きみのお祭り

死ぬまで盛り上がっていけ

透明な世界

自分が存在しない世界のことを想像するのは不思議な気分だ。想像するはずの自分はいないのに、透明になって、あらゆる日常を見下ろしている。つまり、わたしがわたしの存在しない世界を想像するとき、それは常に、「わたしがいない/いなくなった世界」ではなく、「いるわたしが見えなくなった世界」でしかない。「いるわたしが見えなくなった世界」を想像できるのは、いながらにして「見えなくされた」経験や、あるいはほかの誰かを「見えなくした」経験があるからだ。ほんとうの意味で「わたしがいない/いなくなった世界」は、想像すら不可能だ。

その昔、もし自分が死んだら、あらゆる人に自分のことを忘れられたいと思っていた時期があった。
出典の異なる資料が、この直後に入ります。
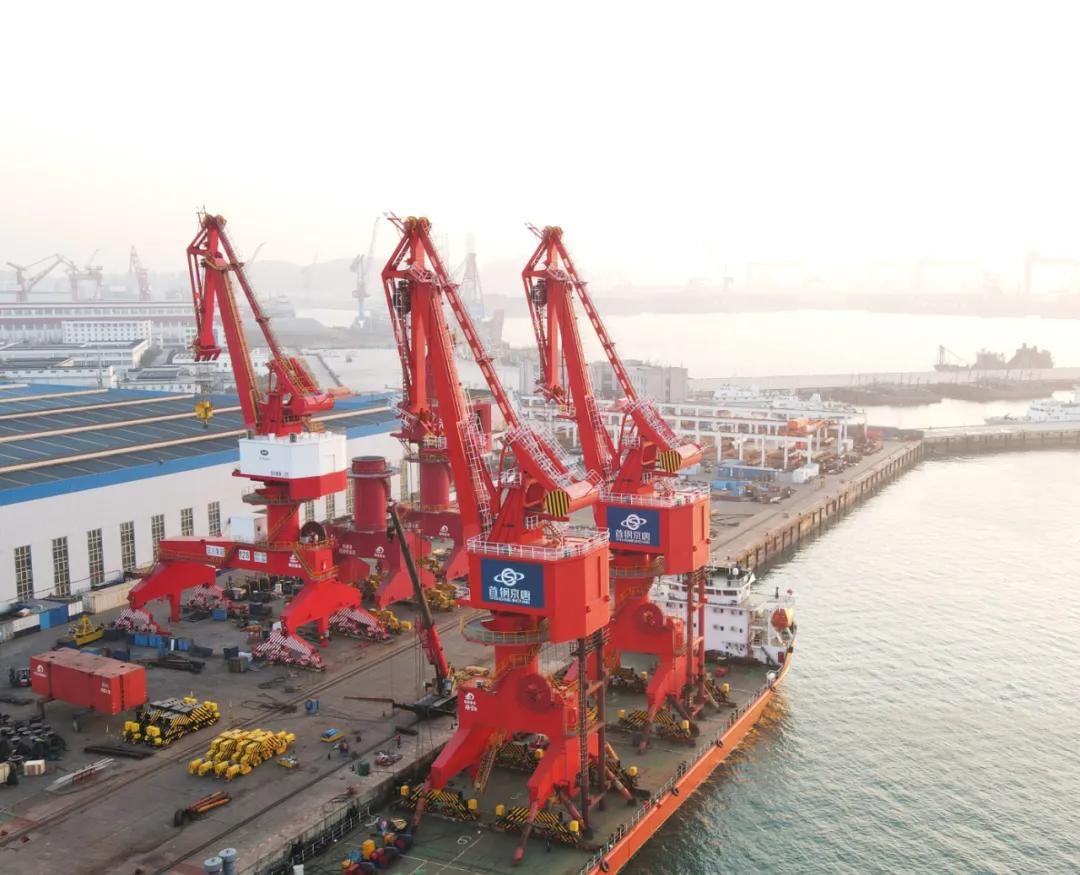 在青島海西重機碼頭,公司銷往河北省首鋼京唐公司的2MQ40t-37m雙四連桿多用途門座起重機順利發(fā)運。從運輸船靠泊到發(fā)運,以黨員為主的項目組精心組織策劃,提前備好物資,緊鑼密鼓、有條不紊地開展撐桿焊接、滾裝、海綁等工作,僅用一天半就完成發(fā)運任務。
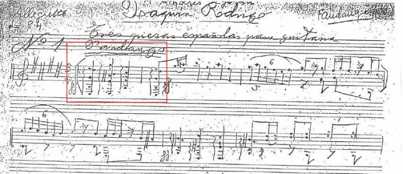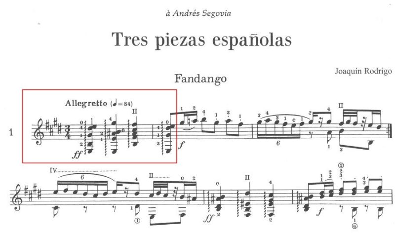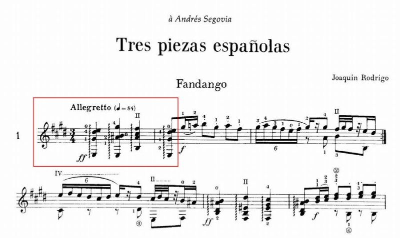 Joaquín Rodrigo(ホアキン・ロドリーゴ)の“Tres piezas españolas(3つのスペイン風小品)”の1曲目、“Fandango(ファンダンゴ)”を見てみませう。まずは1963年初版。
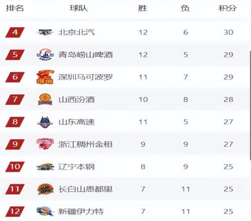 目前前8的排名其實(shí)變化不大,主要是第9-12的排名競(jìng)爭(zhēng)比較激烈,新疆現(xiàn)在是2連勝暫時(shí)來到了第12,反彈勢(shì)頭強(qiáng)勁,近期有望把吉林、遼寧、寧波拉下去。
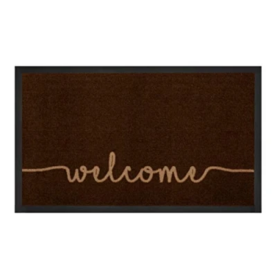 Hanse Home Printy Doormat for Indoor and Outdoor Use, 45 x 75 cm, Dirt Trapper Mat, Cosy Welcome with Lettering, Washable & Weatherproof, Non Slip Entrance Area Use Dark Brown Beige
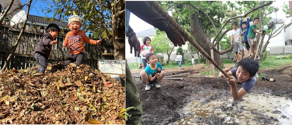 落ち葉やどろんこや自然の素材や遊び場にあるものを使って、
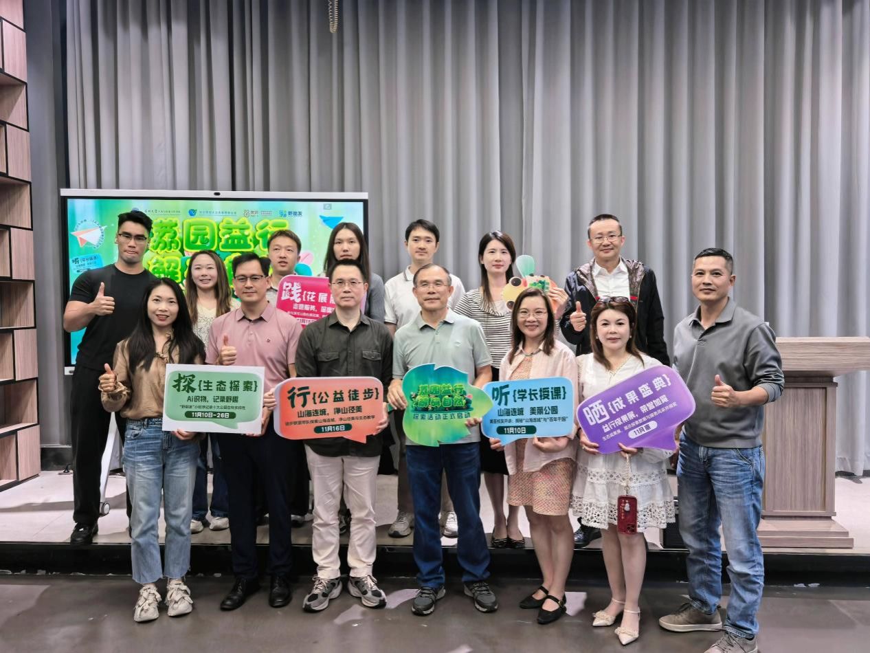 在启动仪式上,学院党委副书记陈碧霞为“听——学长授课”、“探——生态探索”、“行——公益徒步”、“践——花展服务”、“晒——成果盛典”五个环节的主理人授牌,标志着“荔园益行·解码自然”五步曲的正式启动。
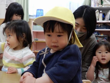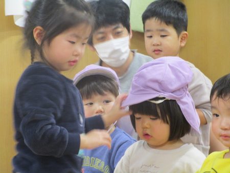 続いては、3歳児クラスちゅーりっぷグループの子達がゆりグループの子から、オレンジ色の帽子を被せてもらいました。
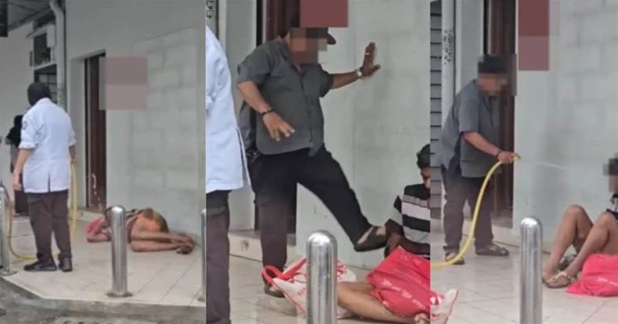 马来西亚一名银行女保安员为了驱赶坐在银行旁走道的流浪汉,竟用水管朝着流浪汉射水,后来再有一名男子加入,脚踢流浪汉及继续射水,引起网民强烈批评做法太残忍。
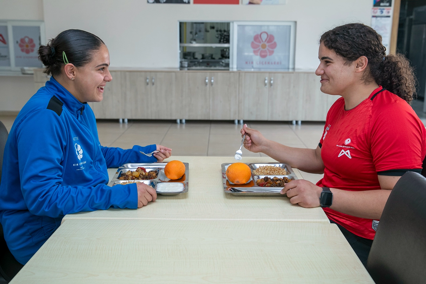 Kır Çiçekleri’nde ablası gibi gülle sporcusu olan 13 yaşındaki Nisa Zehra Turhan ise ablasıyla birlikte çalışmasının kendisine avantaj sağladığını belirterek, “Hocamdan çok fazla teknik öğreniyorum, ama ablamın da bana katkısı oluyor. Ablamla aynı branştayız ve antrenmanları birlikte yapıyor olmak, bana kendimi çok daha güvende hissettiriyor. Ablam her zaman yanımda. Ailemizi 15 günde bir görüyoruz. Burası benim de ikinci evim gibi. Bütün düzenimiz burada. Buraya gelmem benim için büyük bir avantaj. Ben kendimi burada keşfettim ve Türkiye başarısı elde ettim. U-14 Bursa Salon Şampiyonası’nda Türkiye birincisi oldum” dedi. Proje sayesinde daha istikrarlı ve disiplinli çalıştıklarını anlatan Turhan, “Hayallerimizi gerçekleştiren bu yolda Kır Çiçekleri’nde olmaktan çok mutluyum” diye konuştu.
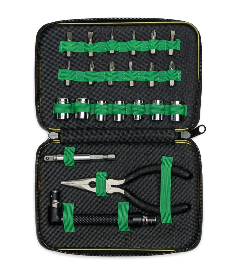 Tackle those big projects without taking up space! This Compact Tool Kit gets the job done with a 19-piece mini bit/socket set and pair of needle nose pliers. Store everything easily in the included tin pouch with fabric lining for easy transport and clever gifting.
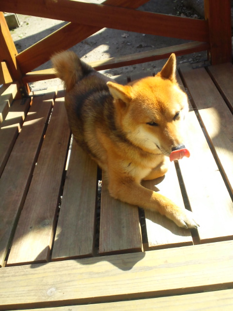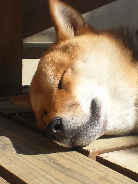 顔に日が当たって暑いのか、首を動かして微妙に日陰へ…
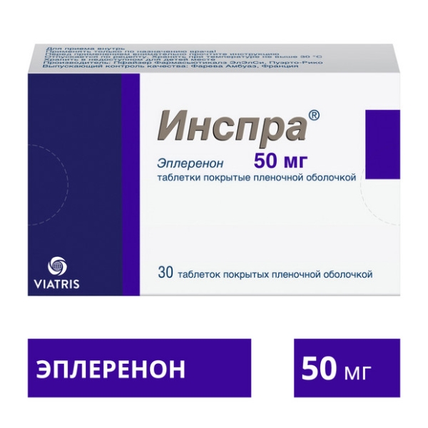 ✓ Подробная инструкция по применению Инспра таблетки покрыт. п/о 50мг, №30
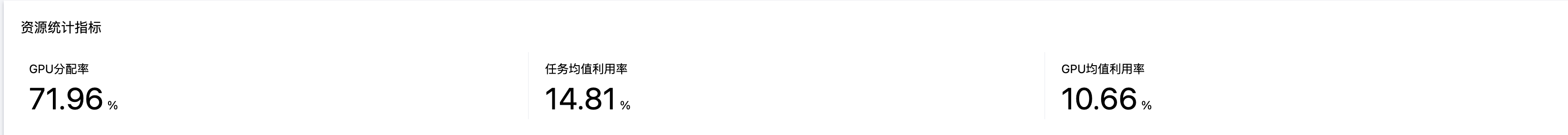 GPU 分配率 | 时间范围内被分配且使用的 GPU 卡时占总卡时的比例,具体计算公式详见“核心指标说明”标题的“资源组任务利用率/GPU利用率/分配率”(健康监测任务暂未纳入统计) |
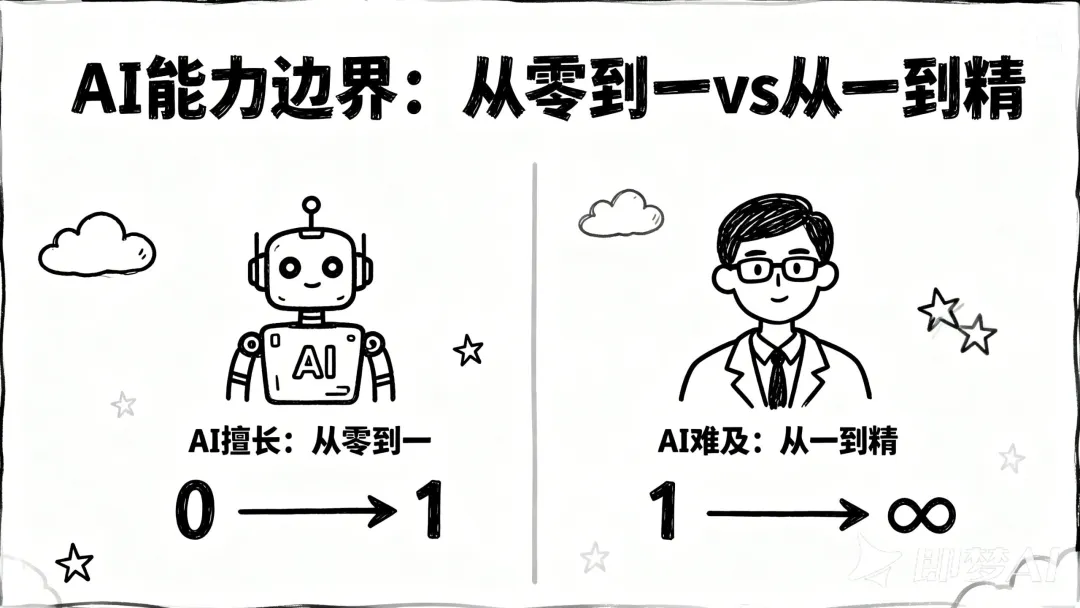 AI解决的是”从零到一”的问题,但它解决不了”从一到精”的问题。
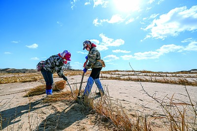 內(nei) 蒙古科爾沁沙地,治沙工人在打草方格。
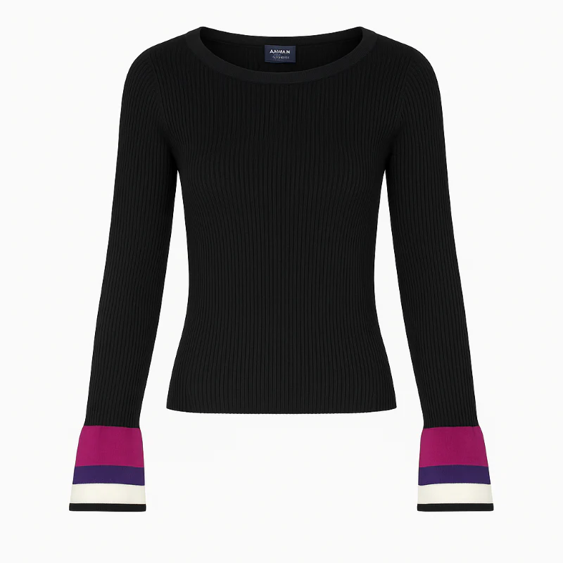 Elevate your casual wardrobe with the exquisite Armani Black Pink & White Ladies Jumper. This stunning piece seamlessly combines comfort and style, making it the perfect addition for any fashion-forward woman’s collection. Crafted from high-quality materials, the jumper ensures a luxurious feel against your skin while providing a chic look.
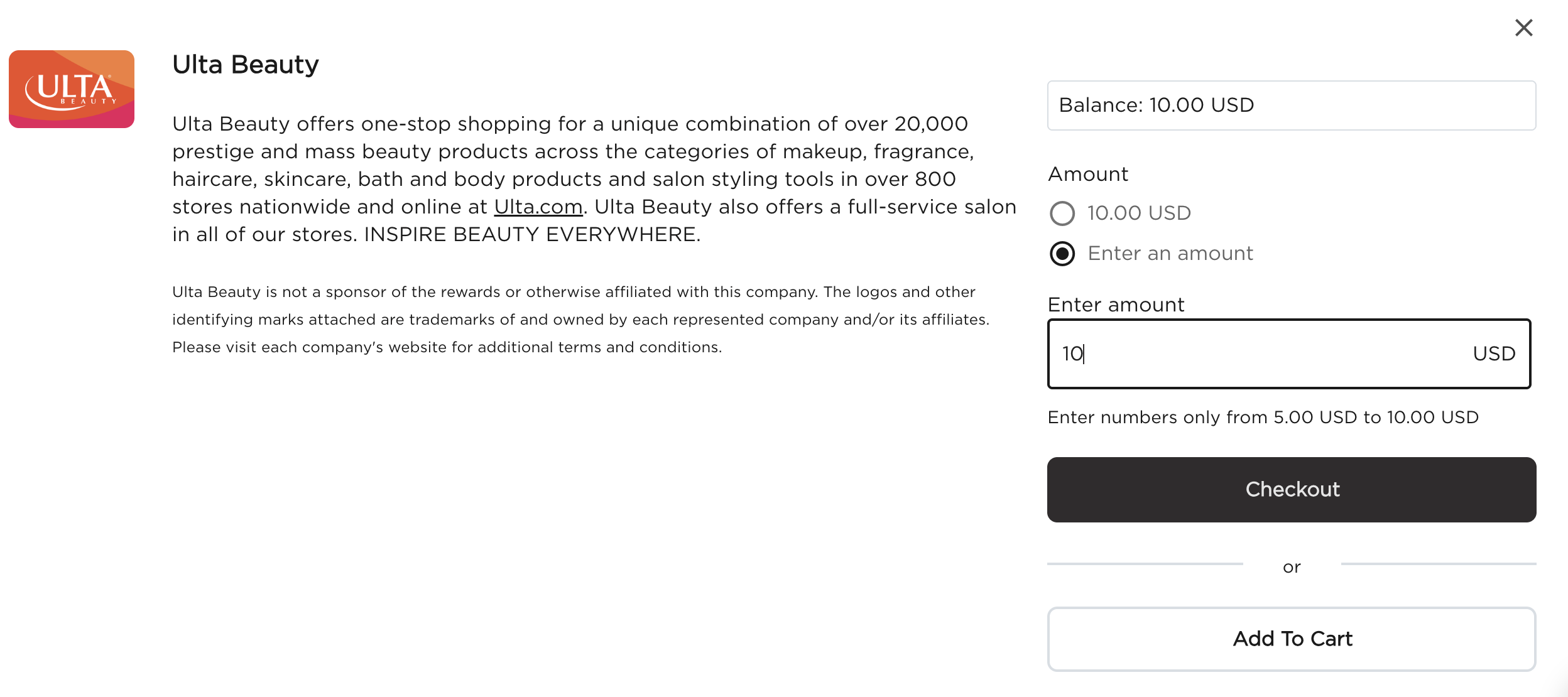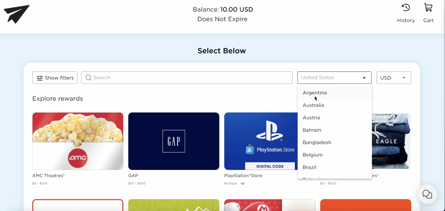 Note: You can use the Search bar to search by a specific gift card, along with using the filters to filter by a specific country or by currency.
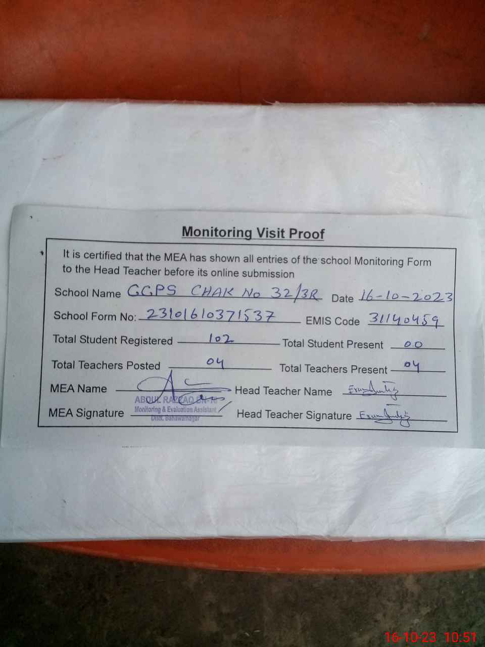 | EMIS Code: 31140459 | Name of School: GGPS CHAK NO 32 3R | |||
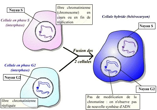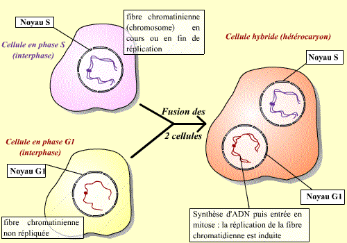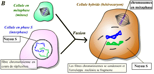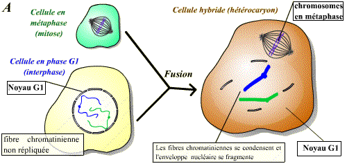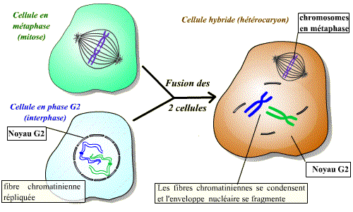 La fusion d’une cellule en mitose et d’une cellule en interphase permet d'observer une condensation des chromosomes issus de la cellule en interphase. Un facteur présent dans la cellule en mitose induit donc visiblement une "entrée en mitose" précoce du noyau de la cellule en interphase. Ce facteur est le MPF.
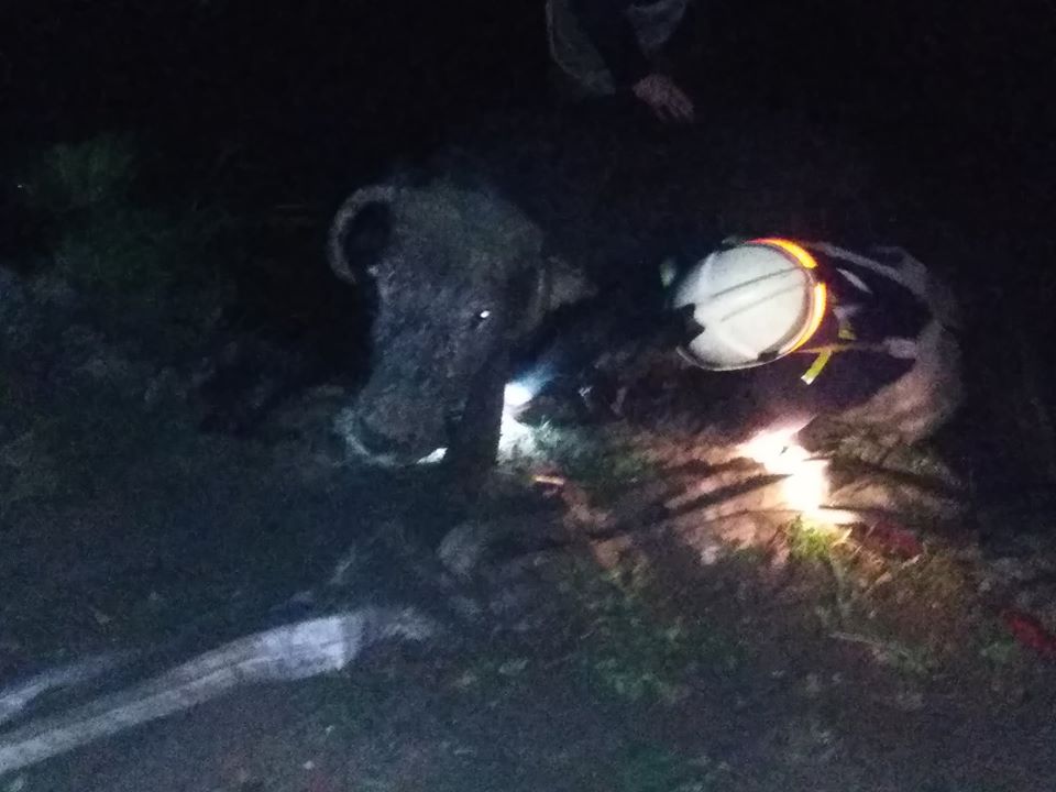 Тварина була знесилена. Від власників корови, які були на місці події, надійшла інформаціїя про те, що вона вагітна, то ж рятувальниками доводилось максимально обережно проводити операцію з вивільнення тварини. Пожежно-рятувальним відділенням та місцевим населенням за допомогою пожежних рукавів та автомобільної лебідки корову витягнуто на поверхню та передано власнику.

どうしてそう思っていたのかはよくわからない。誰ひとりとして自分を知らない、覚えていない、そんな世界を透明になって見下ろしている想像は、なんだかとても軽やかでみずみずしく、気持ちよかった。それを眺める心のうちにさみしさはなく、またメランコリーもなかった。

たとえばわたしは、カワカミケイコさんという人を知らない。生まれてからいままで、見たことも聞いたことも、会ったこともない。もちろんそれは当たり前で、なぜならカワカミケイコさんはいまわたしが1秒で作り上げた架空の人物だからだ。けれども、本当はカワカミケイコさんという人は存在していて、わたしがカワカミケイコさんを知らないだけだとしたら(そして死ぬまで知らないとしたら)、カワカミケイコさんはわたしの世界に存在する、とほんとうに言えるのだろうか。

想像はできないけれど、誰も自分を知らず、自分のいない世界とは、存在していないと同時に、存在「しなかった」世界と言えるのだろうか。けれどそれを想像しているわたしはここにいるわけで、では、ここにいる自分は誰なのだろう。考えているとみるみるここにいる自分が透けていく感じがする。その感覚がまた、軽やかで、少しくすぐったい。そんなことを考えながら、今日もベランダから街と空を眺めている。